The problem:
Omit all images, then repeat exactly the lines below from the one containing "Shades of blue" through the one containing "Level: High | |", both ends included.

Recorded data:
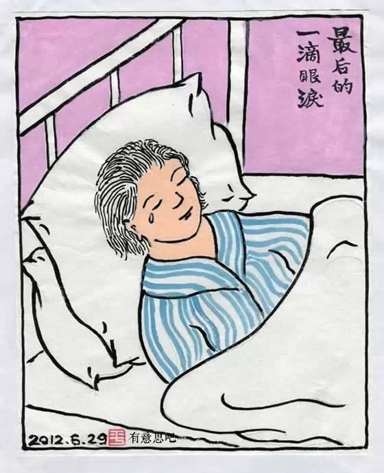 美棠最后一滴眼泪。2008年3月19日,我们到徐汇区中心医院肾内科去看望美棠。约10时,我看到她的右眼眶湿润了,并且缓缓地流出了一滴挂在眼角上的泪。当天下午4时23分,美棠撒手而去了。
---
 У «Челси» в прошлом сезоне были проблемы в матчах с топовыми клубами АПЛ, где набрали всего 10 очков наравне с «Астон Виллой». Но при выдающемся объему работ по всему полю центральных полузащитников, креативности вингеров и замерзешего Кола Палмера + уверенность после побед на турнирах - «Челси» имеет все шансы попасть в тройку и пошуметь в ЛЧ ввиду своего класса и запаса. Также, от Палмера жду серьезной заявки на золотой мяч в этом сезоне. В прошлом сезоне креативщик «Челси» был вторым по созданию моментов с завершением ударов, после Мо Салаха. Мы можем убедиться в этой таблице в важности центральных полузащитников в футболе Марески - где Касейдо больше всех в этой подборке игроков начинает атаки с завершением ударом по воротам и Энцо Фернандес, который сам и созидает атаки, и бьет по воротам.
---
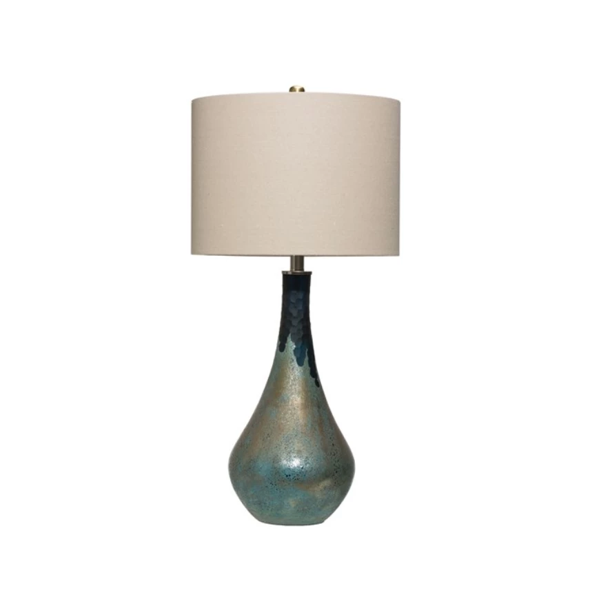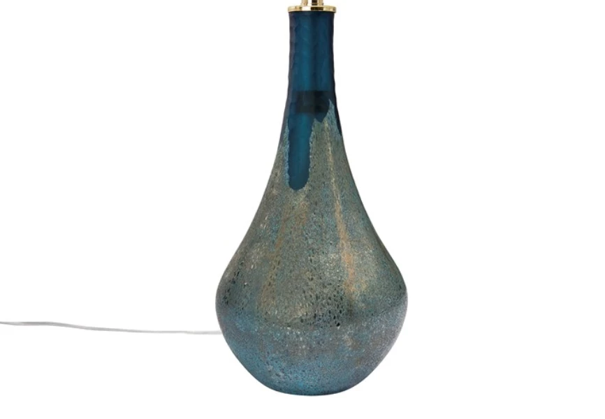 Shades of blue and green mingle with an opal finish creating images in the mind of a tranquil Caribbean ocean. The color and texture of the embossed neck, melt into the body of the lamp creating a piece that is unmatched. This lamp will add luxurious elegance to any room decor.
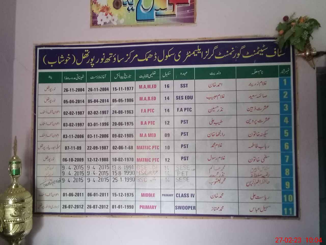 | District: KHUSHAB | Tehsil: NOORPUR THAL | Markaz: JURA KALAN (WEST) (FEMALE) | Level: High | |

Finished exercise:
 Shades of blue and green mingle with an opal finish creating images in the mind of a tranquil Caribbean ocean. The color and texture of the embossed neck, melt into the body of the lamp creating a piece that is unmatched. This lamp will add luxurious elegance to any room decor.
 | District: KHUSHAB | Tehsil: NOORPUR THAL | Markaz: JURA KALAN (WEST) (FEMALE) | Level: High | |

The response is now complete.